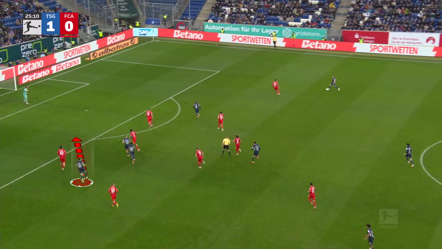 Here, Hoffenheim plays through their left-winger, and Burger is already in a very advanced position.
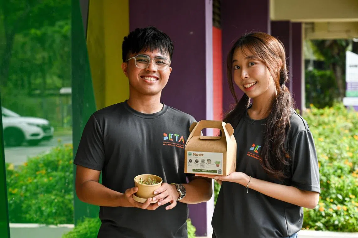 “Kami juga bekerjasama dengan pelajar tahun kedua di Politeknik Ngee Ann, Encik Terence Tam daripada kursus reka bentuk landskap dan hortikultur, yang membantu mempelbagaikan rasa produk sayur ‘mikro’ kami,” ujar Encik Mohammed Arddrean Zikry.
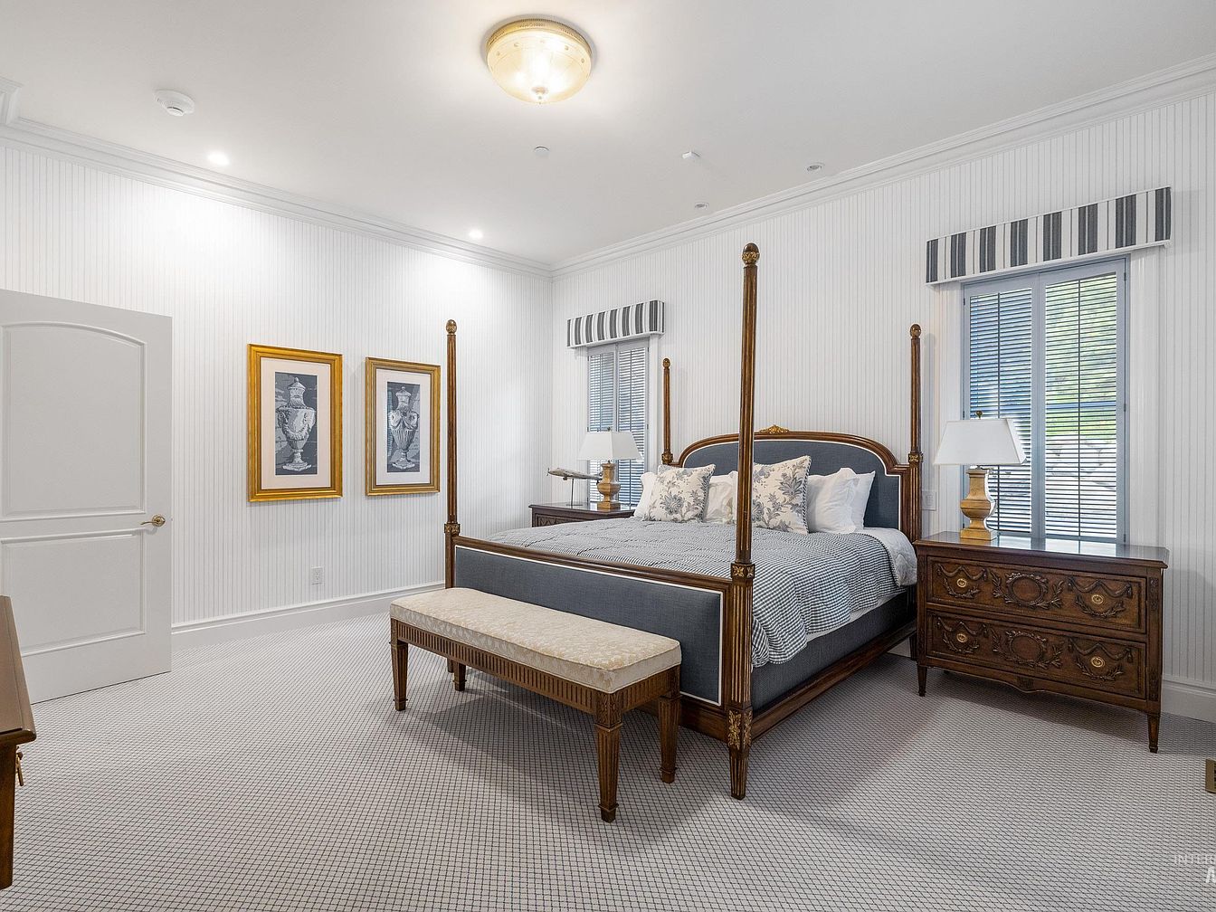 A spacious, inviting primary bedroom blends classic design with comfort, featuring a stately four-poster bed framed by carved wood and plush textiles. Soft neutral tones on the walls and carpet create a soothing atmosphere, enhanced by white trim and delicate pinstripe paneling. Two elegant wooden nightstands topped with white lamps flank the bed, ensuring both style and practicality for family living. Striped window valances add subtle contrast while letting natural light flow in. Decorative artwork in golden frames offers a touch of sophistication. The cozy bench at the foot of the bed makes an ideal spot for relaxing or reading with loved ones.
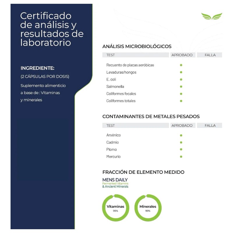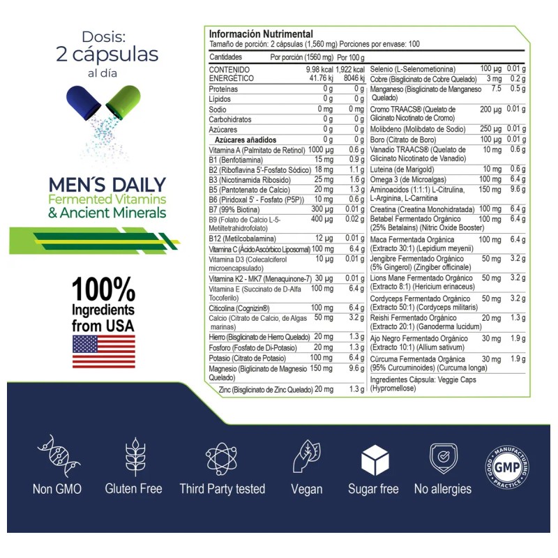 - Acerca de este artículo Calidad Premium: En Eternal Nutrition, nos enorgullece ofrecer productos premium de alta calidad, nos comprometemos a proporcionar pureza y excelencia en cada ingrediente utilizado y garantizamos la calidad probando cada producto en laboratorios acreditados. Mas por tu dinero: Somos una marca justa, nos esforzamos para fabricar los mejores productos a precios justos, no tenemos intermediarios, evitamos gastos adicionales y lo que mas nos importa es tu bienestar. Vitaminas de formas elevadas con alta absorción: La inclusión de vitaminas en formas bioactivas y altamente absorbibles asegura que los nutrientes esenciales sean directamente disponibles para las células, lo que es crucial para optimizar las funciones celulares, desde la producción de energía hasta la reparación y regeneración celular. Esto sustenta directamente el rendimiento físico y mental, al asegurar que las células trabajen de manera eficiente y efectiva. Minerales quelados: La quelación mejora la biodisponibilidad de los minerales, facilitando su absorción y utilización por parte del cuerpo. Los minerales son cofactores esenciales en numerosas reacciones enzimáticas a nivel celular que apoyan el metabolismo energético, la salud ósea, y la función muscular y nerviosa, fundamentales para mantener la potencia y el rendimiento. Extractos de plantas y adaptogenos fermentados: La fermentación no solo mejora la biodisponibilidad de los nutrientes sino que también produce metabolitos secundarios beneficiosos, como ácidos orgánicos, peptidos, y antioxidantes, que pueden proteger las células del daño oxidativo y apoyar el bienestar y la salud digestiva, contribuyendo a un rendimiento óptimo a nivel celular. Complejo específico para hombres: La fórmula incluye ingredientes como aminoácidos, betabel (para la producción de óxido nítrico), creatina (para el apoyo energético), omega 3 (para la salud cardiovascular y cognitiva), y luteína (para la salud ocular), que juntos ofrecen un apoyo nutricional enfocado en las necesidades específicas del hombre moderno. Estos componentes trabajan en conjunto para apoyar la resistencia física, la claridad mental, la salud cardiovascular y visual, así como para mejorar la recuperación muscular y el manejo del estrés. Mens Daily Fermented Multivitamins & Ancient Minerals ¿Sabes qué hace diferente a Mens Daily de Eternal Nutrition? En Eternal Nutrition, nuestro compromiso principal es con la calidad y la potencia de cada ingrediente. Nos comprometemos a que cada componente en nuestros productos cumpla con los estándares más rigurosos y nos esforzamos por garantizar un valor justo, para que nuestros clientes reciban el valor genuino en cada compra. Mens Daily Fermented Multivitamins & Ancient Minerals nace de esta filosofía. 13 Vitaminas Elevadas de alta Absorción 13 Minerales Quelados 8 adaptogenos probados con Omega 3 + Luteina + Citicolina + Aminos a a a a Vitaminas de formas Fermentadas con alta absorción Las vitaminas en formas bioactivas y fermentadas son altamente absorbibles asegura que los nutrientes esenciales sean directamente disponibles para las células, lo que es crucial para optimizar las funciones celulares, desde la producción de energía hasta la reparación y regeneración celular. Esto sustenta directamente el rendimiento físico y mental, al asegurar que las células trabajen de manera eficiente y efectiva. Minerales Quelados La quelación mejora la biodisponibilidad de los minerales, facilitando su absorción y utilización por parte del cuerpo. Los minerales son cofactores esenciales en numerosas reacciones enzimáticas a nivel celular que apoyan el metabolismo energético, la salud ósea, y la función muscular y nerviosa, fundamentales para mantener la potencia y el rendimiento. Adaptogenos Fermentados La fermentación no solo mejora la biodisponibilidad de los nutrientes sino que también produce metabolitos secundarios beneficiosos, como ácidos orgánicos, peptidos, y antioxidantes, que pueden proteger las células del daño oxidativo y apoyar el bienestar general y la digestion, contribuyendo a un rendimiento óptimo a nivel celular. Complejo específico para hombres La fórmula incluye ingredientes como aminoácidos, betabel para la producción de óxido nítrico, creatina para el apoyo energético, omega 3 para la salud cardiovascular, Cognizin, Citicolina para la salud cognitiva, y luteína para la salud ocular, que juntos ofrecen un apoyo nutricional enfocado en las necesidades específicas del hombre moderno. Estos componentes trabajan en conjunto para apoyar la resistencia física, la claridad mental, la salud cardiovascular y visual, así como para mejorar la recuperación muscular y el manejo del estrés. Aviso legal

▶ _PROBLEM REQUIREMENTS_
Extract the lines exactly, please: the first line of the listing, the line with "Mohammed Arddrean Zikry.", and every line between them, but no pictures.

▶ _ANSWER SPACE_
 Here, Hoffenheim plays through their left-winger, and Burger is already in a very advanced position.
 “Kami juga bekerjasama dengan pelajar tahun kedua di Politeknik Ngee Ann, Encik Terence Tam daripada kursus reka bentuk landskap dan hortikultur, yang membantu mempelbagaikan rasa produk sayur ‘mikro’ kami,” ujar Encik Mohammed Arddrean Zikry.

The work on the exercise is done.